• **RECORD SET**
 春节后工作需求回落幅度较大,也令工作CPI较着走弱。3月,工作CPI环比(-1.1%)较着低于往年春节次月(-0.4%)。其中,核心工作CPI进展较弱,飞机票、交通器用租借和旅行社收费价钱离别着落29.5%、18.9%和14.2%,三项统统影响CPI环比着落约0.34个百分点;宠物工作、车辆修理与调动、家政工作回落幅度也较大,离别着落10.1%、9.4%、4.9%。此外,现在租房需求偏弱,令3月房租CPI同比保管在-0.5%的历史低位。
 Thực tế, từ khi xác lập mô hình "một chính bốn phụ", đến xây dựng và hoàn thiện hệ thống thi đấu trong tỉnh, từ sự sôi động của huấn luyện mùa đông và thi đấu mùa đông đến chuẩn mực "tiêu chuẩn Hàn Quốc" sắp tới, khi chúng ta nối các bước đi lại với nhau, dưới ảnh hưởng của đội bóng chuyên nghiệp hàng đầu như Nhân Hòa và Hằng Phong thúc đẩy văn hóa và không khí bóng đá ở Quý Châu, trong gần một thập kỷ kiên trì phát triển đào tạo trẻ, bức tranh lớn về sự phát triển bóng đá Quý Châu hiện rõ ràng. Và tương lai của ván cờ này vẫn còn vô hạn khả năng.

--

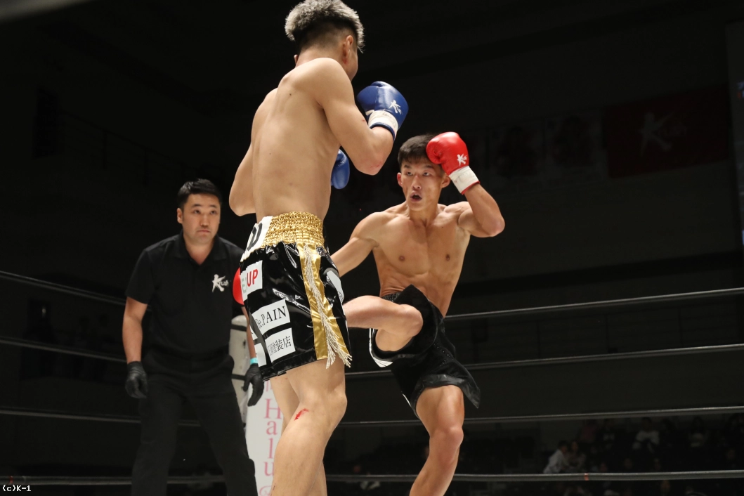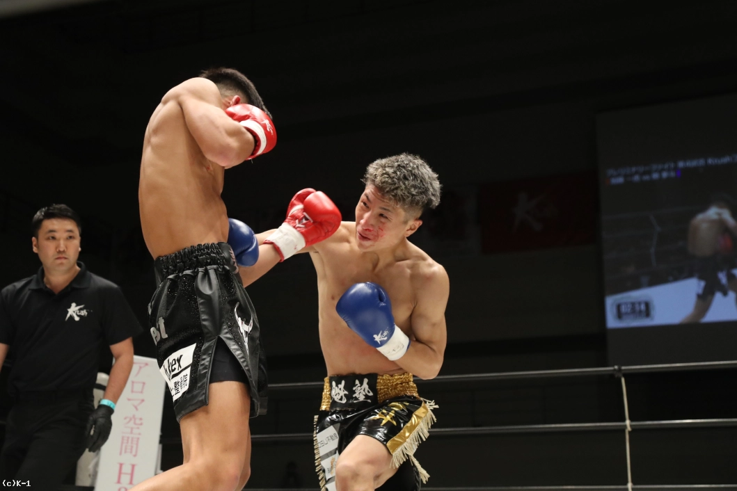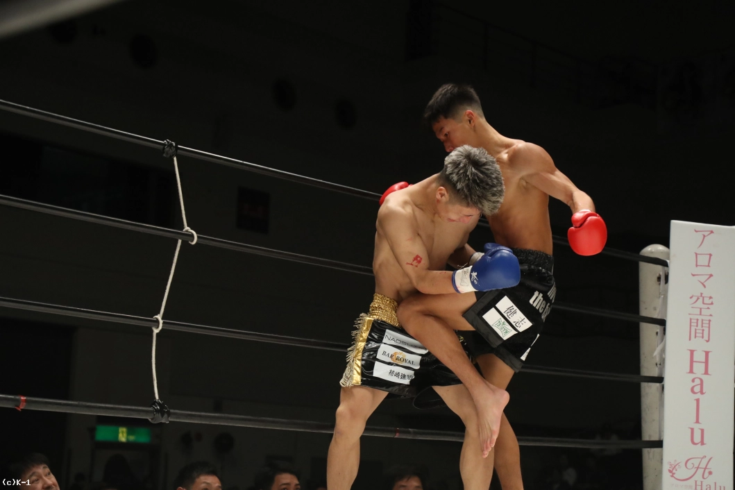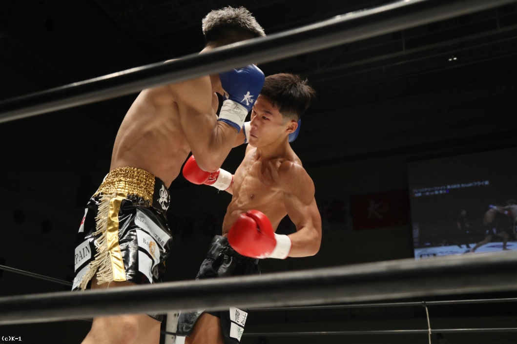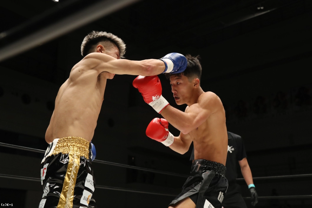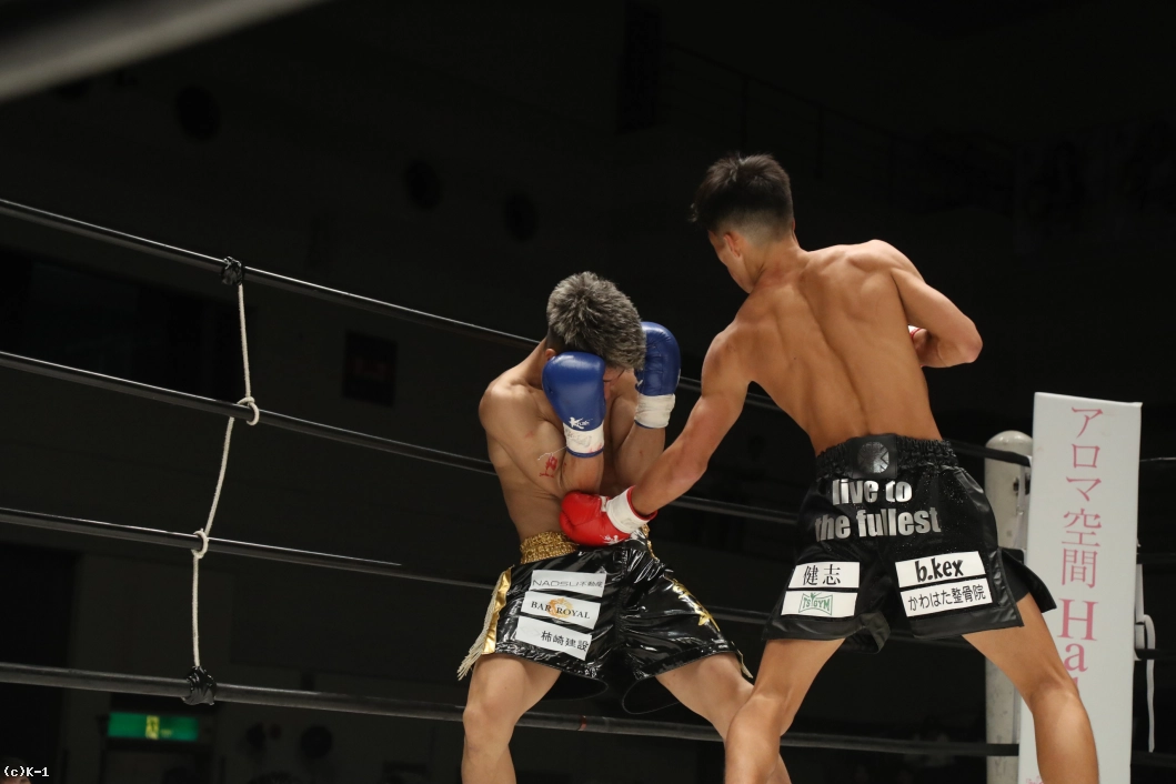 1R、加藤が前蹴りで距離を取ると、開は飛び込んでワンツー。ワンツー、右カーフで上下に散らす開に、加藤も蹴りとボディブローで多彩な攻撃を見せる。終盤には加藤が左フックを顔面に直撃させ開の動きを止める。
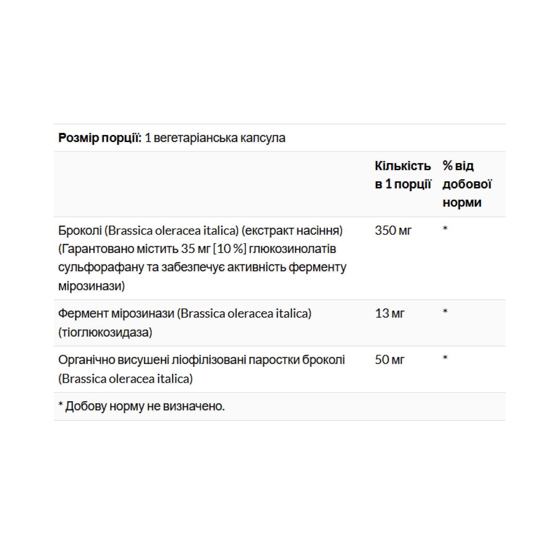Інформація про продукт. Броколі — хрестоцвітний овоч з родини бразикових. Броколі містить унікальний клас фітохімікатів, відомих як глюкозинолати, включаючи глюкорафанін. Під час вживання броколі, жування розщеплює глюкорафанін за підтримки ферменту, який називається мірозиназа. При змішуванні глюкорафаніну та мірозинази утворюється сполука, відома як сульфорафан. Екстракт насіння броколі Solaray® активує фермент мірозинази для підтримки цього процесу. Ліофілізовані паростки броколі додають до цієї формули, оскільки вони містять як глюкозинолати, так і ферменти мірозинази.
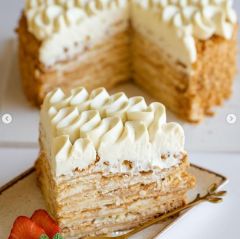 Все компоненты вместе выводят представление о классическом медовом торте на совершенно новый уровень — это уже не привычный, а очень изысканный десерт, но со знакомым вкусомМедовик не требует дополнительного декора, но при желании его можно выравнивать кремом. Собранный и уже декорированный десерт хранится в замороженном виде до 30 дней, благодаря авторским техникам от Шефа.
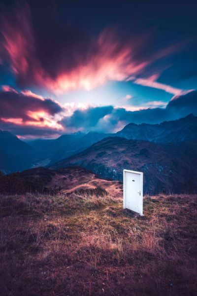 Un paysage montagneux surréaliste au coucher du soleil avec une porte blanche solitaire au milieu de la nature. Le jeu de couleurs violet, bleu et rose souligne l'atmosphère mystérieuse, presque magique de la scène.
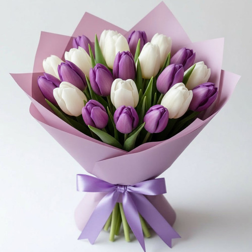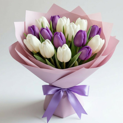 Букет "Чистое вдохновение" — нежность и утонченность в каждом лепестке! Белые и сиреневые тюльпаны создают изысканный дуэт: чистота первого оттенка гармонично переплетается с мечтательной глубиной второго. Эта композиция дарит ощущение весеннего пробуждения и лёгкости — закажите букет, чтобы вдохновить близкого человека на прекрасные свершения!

• **REQUIRED ACTION**
Beginning with the line containing "春节后工作需求回落幅度较大,也令工作CP" and ending with the line containing "Thực tế, từ", extract those lines exactly from the listing above, and only those.

• **RESULT**
 春节后工作需求回落幅度较大,也令工作CPI较着走弱。3月,工作CPI环比(-1.1%)较着低于往年春节次月(-0.4%)。其中,核心工作CPI进展较弱,飞机票、交通器用租借和旅行社收费价钱离别着落29.5%、18.9%和14.2%,三项统统影响CPI环比着落约0.34个百分点;宠物工作、车辆修理与调动、家政工作回落幅度也较大,离别着落10.1%、9.4%、4.9%。此外,现在租房需求偏弱,令3月房租CPI同比保管在-0.5%的历史低位。
 Thực tế, từ khi xác lập mô hình "một chính bốn phụ", đến xây dựng và hoàn thiện hệ thống thi đấu trong tỉnh, từ sự sôi động của huấn luyện mùa đông và thi đấu mùa đông đến chuẩn mực "tiêu chuẩn Hàn Quốc" sắp tới, khi chúng ta nối các bước đi lại với nhau, dưới ảnh hưởng của đội bóng chuyên nghiệp hàng đầu như Nhân Hòa và Hằng Phong thúc đẩy văn hóa và không khí bóng đá ở Quý Châu, trong gần một thập kỷ kiên trì phát triển đào tạo trẻ, bức tranh lớn về sự phát triển bóng đá Quý Châu hiện rõ ràng. Và tương lai của ván cờ này vẫn còn vô hạn khả năng.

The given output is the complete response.